The golden native drone fly (Eristalinus punctulatus) is an effective hybrid carrot pollinator that lives within Australian crop agroecosystems
1. Native insect flower visitors can be important contributors to crop pollination, yet little is known of their pollination abilities and the resources (habitat) they need to be supported within crop agroecosystems.
2. Here, we compared the abundance and pollination abilities of the golden drone fly (Eristalinus punctulatus) to the European honey bee (Apis mellifera) in hybrid carrot crop fields known to produce variable seed yields in regional New South Wales, Australia. We further observed the egg-laying behaviours of female golden drone flies at a commercial berry orchard to provide insight into the habitat needs of this species.
3. In hybrid carrot crop fields, golden drone flies were far less abundant flower visitors than European honey bees" however, these flies deposited more carrot pollen grains on average (8.21±3.04SE) onto carrot flowers than European honey bees (3.45±1.06SE). Both insects also deposited pollen onto a similar number of carrot flowers (pollinated) per visit (about 2 out of 18).

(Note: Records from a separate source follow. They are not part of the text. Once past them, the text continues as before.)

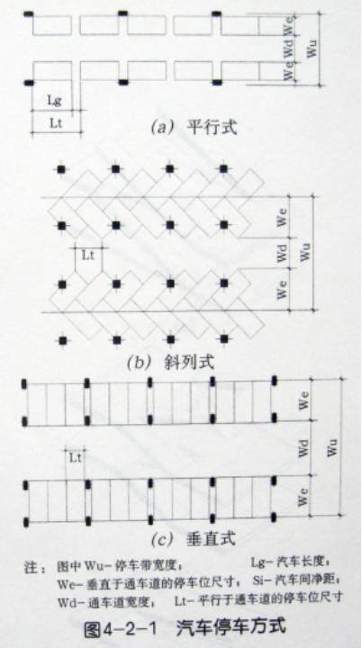 平行停车方式车辆进、出车位更方便、安全,但每辆车因进出需要而占用的面积较大,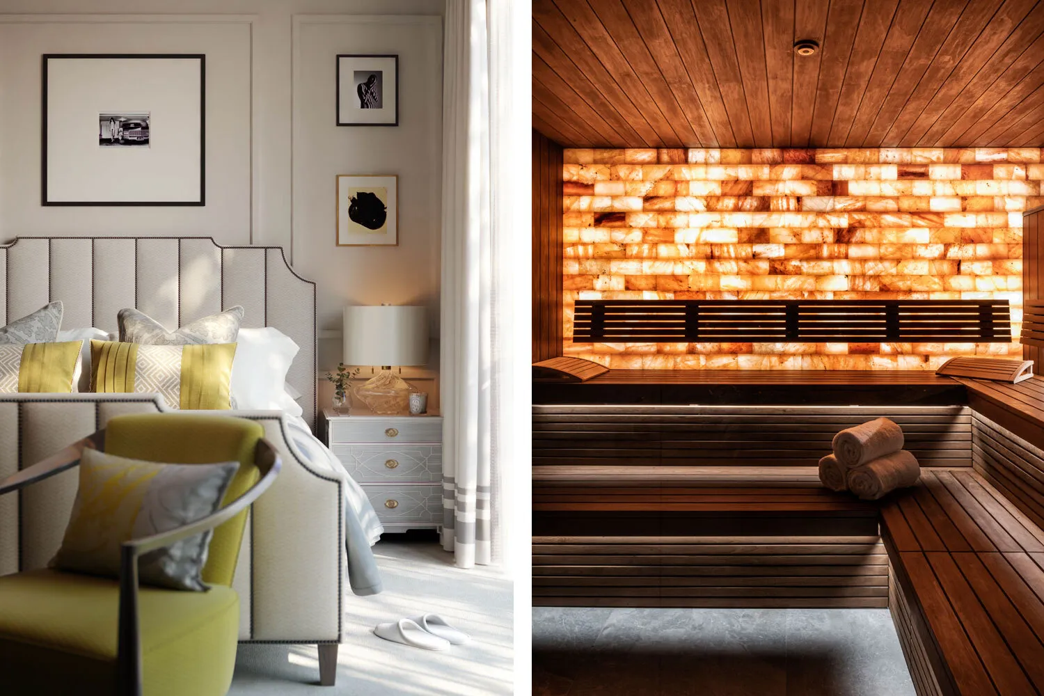 From left: a bedroom; the sauna (SIM CANETTY-CLARKE)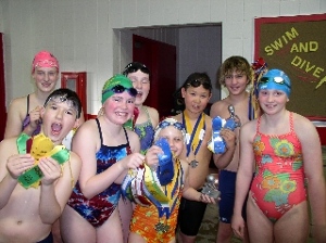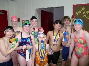Maggie Delaney, Bindi Pedersen, and Sarp Orgul earned bobbleheads for winning the overall title in the Triple Pentathlon at Oak Harbor. Maggie and Bindi had the best overall time for 10 events, and Sarp had to endure 15 events including the 200 of each stroke and the 400 IM for his victory.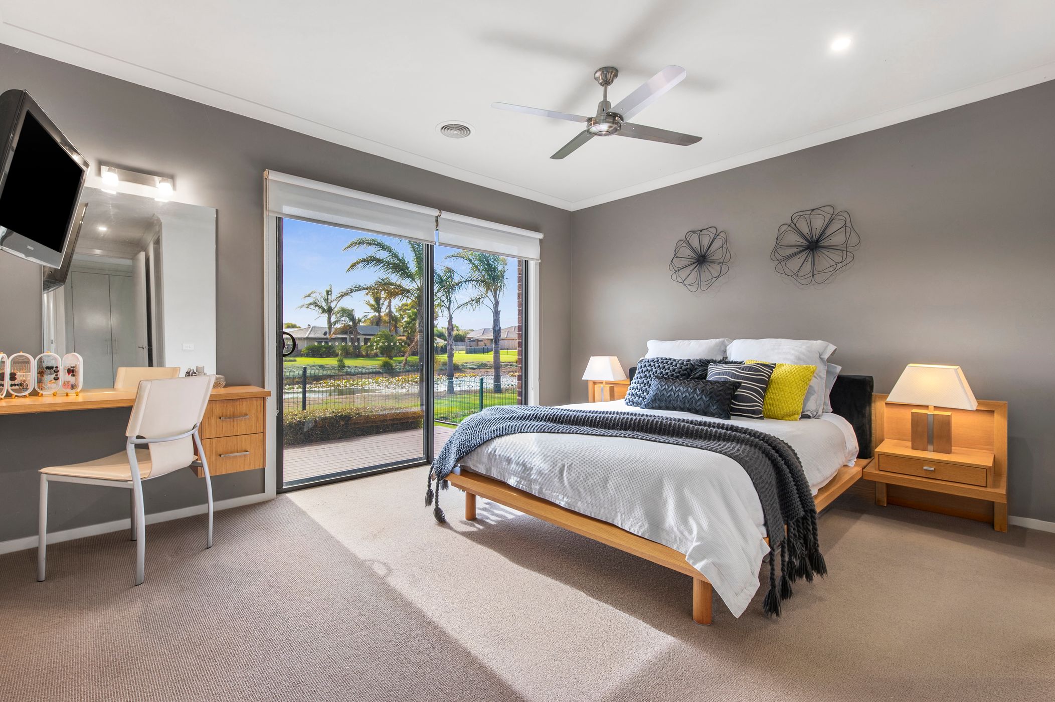 Accommodation is equally impressive, with four well-proportioned bedrooms: the master is positioned at the rear of the home, while three additional bedrooms are located at the front, complete with their own central lounge area and serviced by a spacious main bathroom and separate powder room—providing flexibility for families, guests or multi-generational living. The master suite is a true retreat, complete with both walk-in and built-in robes, a spacious ensuite with separate toilet, and direct access to the deck where you can wake to tranquil water views.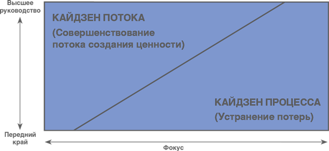 И кайдзен потока (улучшение потока создания ценности), и кайдзен процесса (исключение потерь на уровне цеховой команды) нужны в вашей компании: улучшение в одном влечет улучшение другого. Кайдзен потока сфокусирован на материальном и информационном потоках (для чего надо видеть поток целиком), а кайдзен процесса ориентирован на людей и ход процесса.
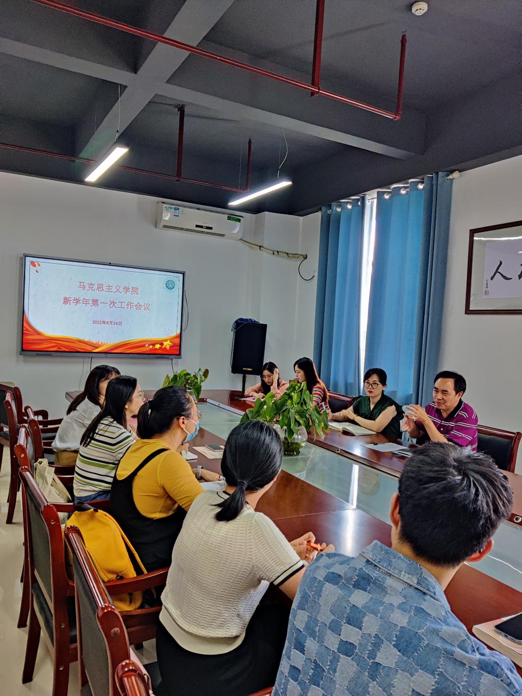 8月24日下午,马克思主义学院召开新学年第一次工作会议,院长洪书源主持,全体教师参加会议。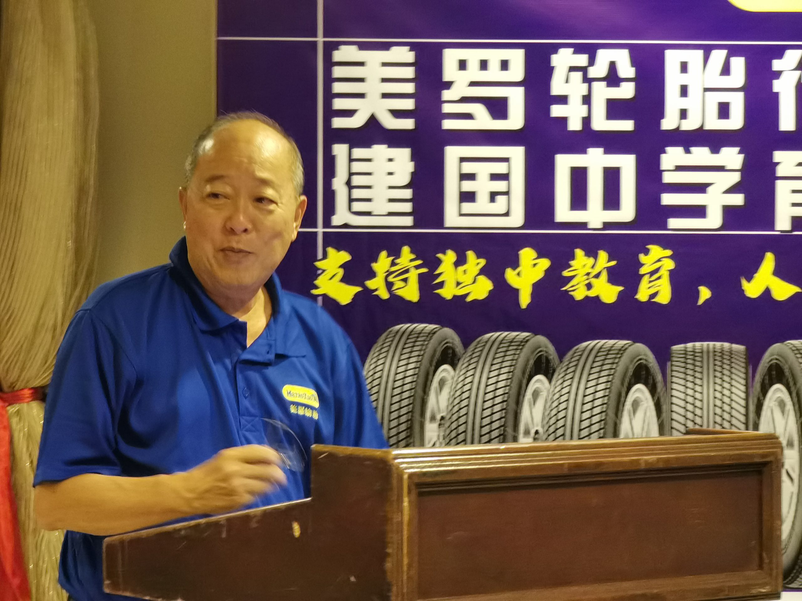 美罗轮胎老板李福炎表示荣幸能够在这里参与亚庇建国中学筹款活动,并为学校的发展贡献一份力量。他希望通过 “美罗轮胎行万里,建国中学育英才”的筹款活动,能够为学校提供一些资金支持,用于粉刷校舍的经费。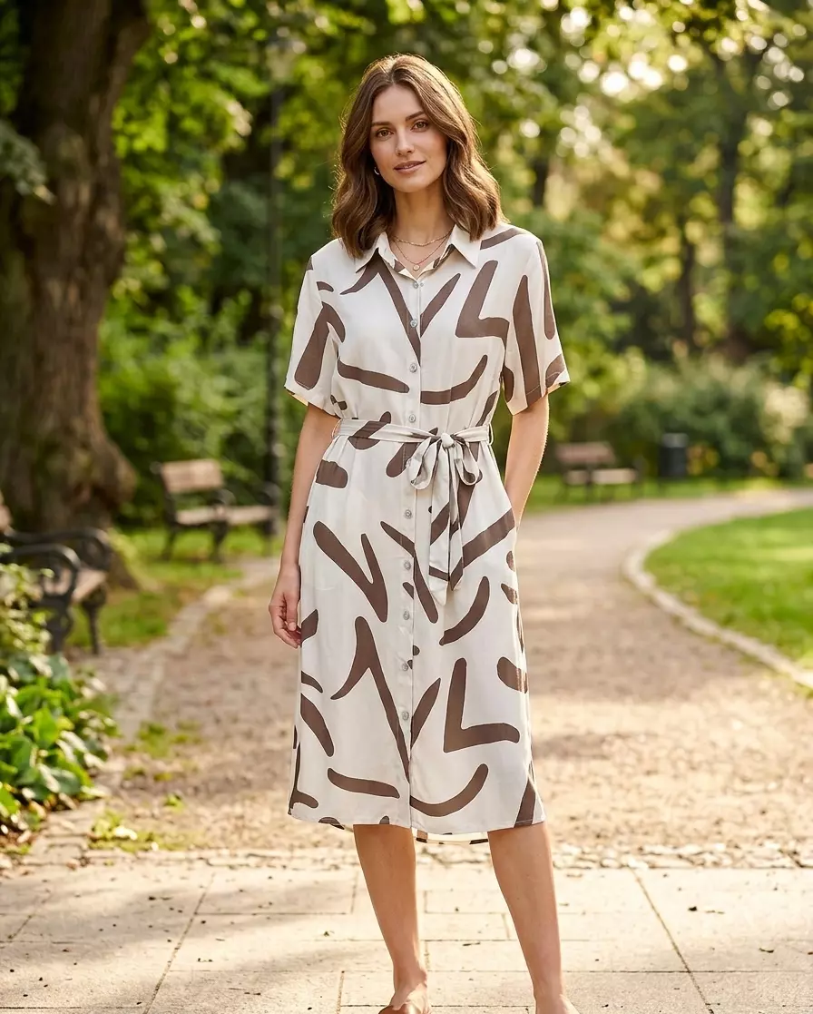 Теплий відтінок моко створює благородний і жіночний образ. Пояс на талії підкреслює силует, а легка тканина штапель робить модель комфортною для літніх прогулянок і щоденного носіння.

4. Golden drone flies were observed laying eggs within masses of discarded red raspberry plant roots and soil (root balls) at a commercial berry orchard. The natural habitat utilised by these flies, as well as their egg-laying behaviours, were described for the first time.
5. Our results indicate that golden drone flies are effective pollinators of hybrid carrot crop plants. The habitat that these flies utilised to lay eggs (discarded plants and water) is cheap and commonly found in crop agroecosystems. Therefore, we recommend placing this low-cost habitat within, or nearby, crop fields as a potential management practice to support the lifecycle needs of golden drone flies and other non-bee pollinators.